While Ireland does, in its Intervention, condemn the 7th of October attacks and recognises that actions by Hamas such as murdering civilians, taking hostages, and even using human shields, are grave violations to international law, it does not seem to be taking those into account when asking the Court to expand the interpretation of genocide. Ireland submits that “in the absence of direct evidence of a policy or campaign, this element of the internationally wrongful act of genocide may be established by consideration of indirect or circumstantial evidence. This includes evidence of a general pattern of widespread and systematic acts directed at the protected group which leads to their destruction, in whole or part, from which it can be inferred that the said destruction was the intended result or foreseeable consequence.”[1]
While the Palestinian people of Gaza are indeed a protected group like any other under the 1948 Genocide Convention, the humanitarian crisis has been caused by the armed conflict between Hamas and Israel.

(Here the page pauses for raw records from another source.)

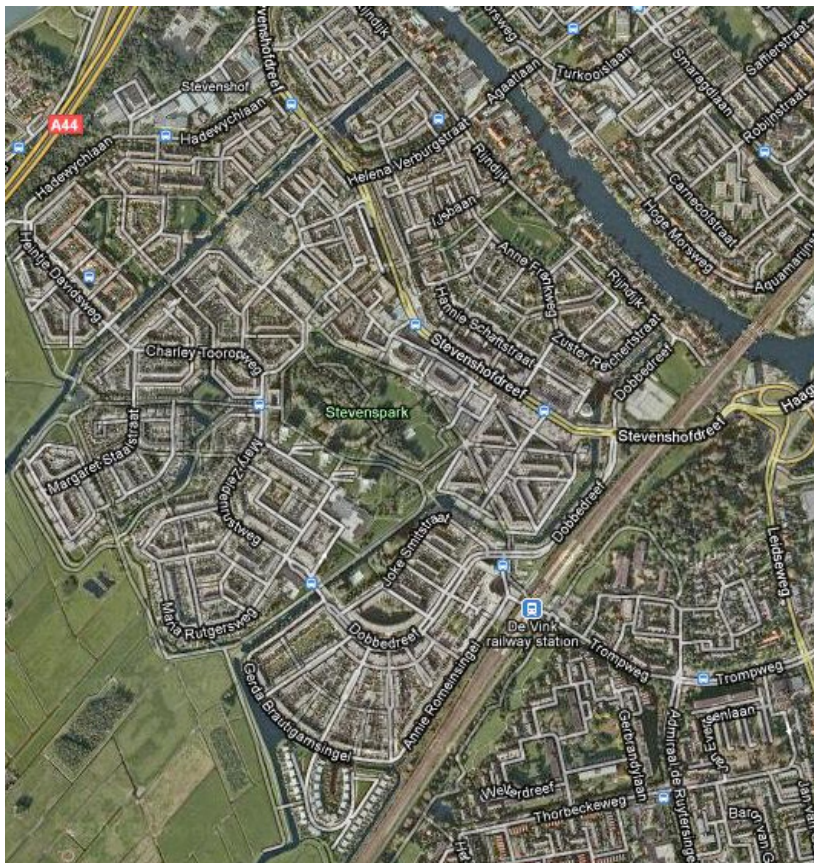
Figuur 1.1 Overzicht de Stevenshofdistrict, Leiden

In onderstaande figuur is het gebied rondom de Stevenshof weergegeven. De stad Leiden is opgebouwd uit 10 districten en 54 buurten. Het Stevenshofdistrict is onderverdeeld in vier buurten: Schenkwijk, Kloosterhof, Dobbewijk-Noord en Dobbewijk-Zuid.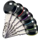
Sur les clips à transpondeur RFID, 6 éléments circulaires colorés facilitent la reconnaissance.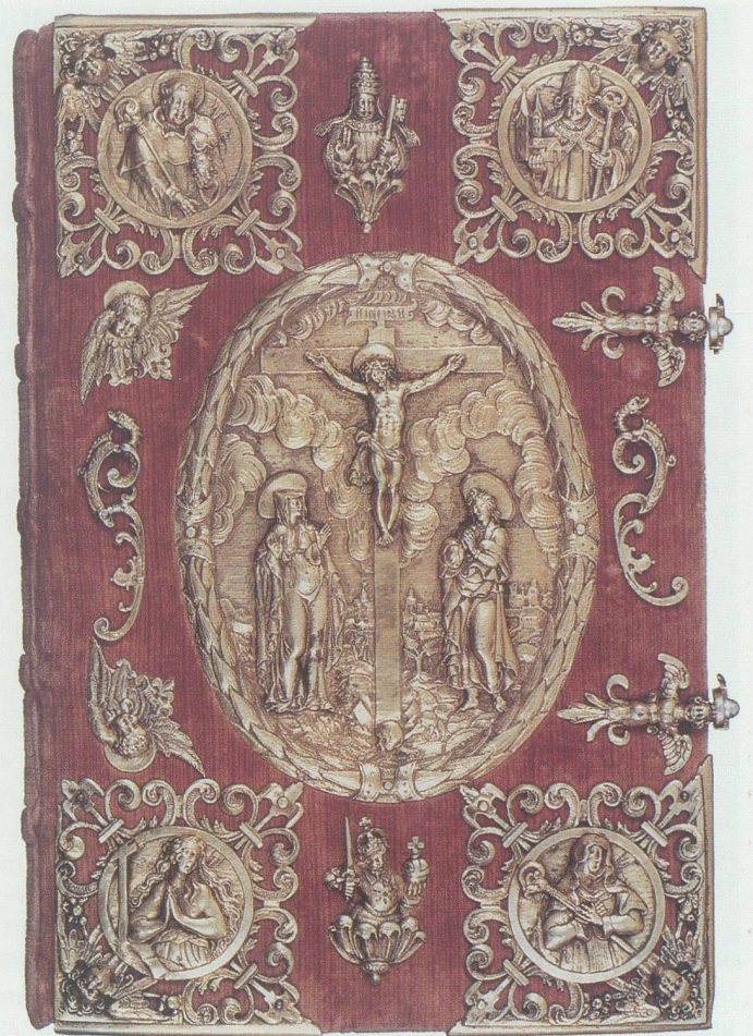
Bild links: Prunkinitialen aus dem Liber Aureus aus dem späten 11. Jahrhundert (Folium 9r.). Bild rechts: Der Pracht-einband des Liber Aureus. Hervorragende Arbeit der Goldschmiedekunst; sie gehört zu den bedeutendsten in der Schweiz erhaltenen Goldschmiedearbeiten der Spätrenaissance.

das erste Werk von geistesgeschichtlicher Bedeutung aus dem Sarganserland – ein äusserst vielgestaltiges Dokument, das trotzdem als beeindruckende Einheit, als Gesamtkunstwerk, bezeichnet werden kann. Es ist «für das Verständnis des Frühmittelalters von höchstem geschichtlichem Interesse». 11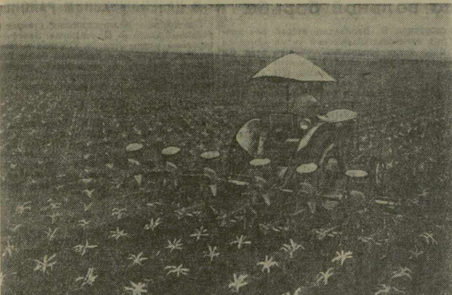
Тракторная культивация междурядий кукурузы, посеянной квадратно-гнездовым способом на полях колхоза имени Калинина села Арбошки Цителкарского района. Аход за кукурузой ведут механизаторы Гамарджеской МТС.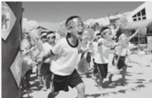
▲元気いっぱいの入場です（坂崎）

10月1日に坂崎・大草・わした・菱池・幸田・豊坂、8日に里・深溝保育園で運動会が開催されました。園児たちはこの日のために練習した踊りを披露したり、保護者と一緒に走ったり、元気いっぱいの姿で会場を魅了しました。会場は歓声と笑い声にあふれ、とてもにぎやかな親子のふれあいの時間となりました。

South Africa and Ireland, in particular, appear to be requesting an expansion of the interpretation of the term genocide just so that Israel´s actions can fit in it. This risks potentially distorting the interpretation of international law to suit a particular situation rather than vice versa; in this way, the crime of genocide becomes a malleable term, allowing the Court to ignore the intention of the drafters of the Convention, and requiring it to take account of broad (and controversial) historical narratives.
As the legal procedure currently stands, South Africa was requested by the Court to present a memorial document detailing the evidence supporting its claims. South Africa submitted this document on the 28th of October 2024 consisting of 750 pages plus 4,000 additional pages of annexes in which South Africa affirms to contain evidence of “how the government of Israel has violated the genocide convention by promoting the destruction of Palestinians living in Gaza, physically killing them with an assortment of destructive weapons, depriving them access to humanitarian assistance, causing conditions of life that are aimed at their physical destruction” and “that undergirding Israel’s genocidal acts is the special intent to commit genocide.”[2]
Nevertheless, South Africa also claims in its statement that “[t]he Palestinian struggle against imperialism, Israeli apartheid and settler colonialism is the daily reality of the Palestinian people. Since 1948, they have faced various forms of colonisation […]”. This is a contentious historical assertion; far from merely criticising the Israeli government´s current actions, South Africa is attempting to broaden the scope of the inquiry, suggesting South Africa’s real intention is to delegitimising the State of Israel´s existence. Taking this broad historical inquiry into account might compromise the integrity of the evidence South Africa submitted to the Court.
Current status of the proceedings
The Memorial South Africa submitted in October 2024 has not been made public; it is currently only in the hands of the Court. The published deadline fixed for Israel to respond with its own counter-memorial is July 2025.
[1] Para.34 of Ireland’s Declaration of Intervention.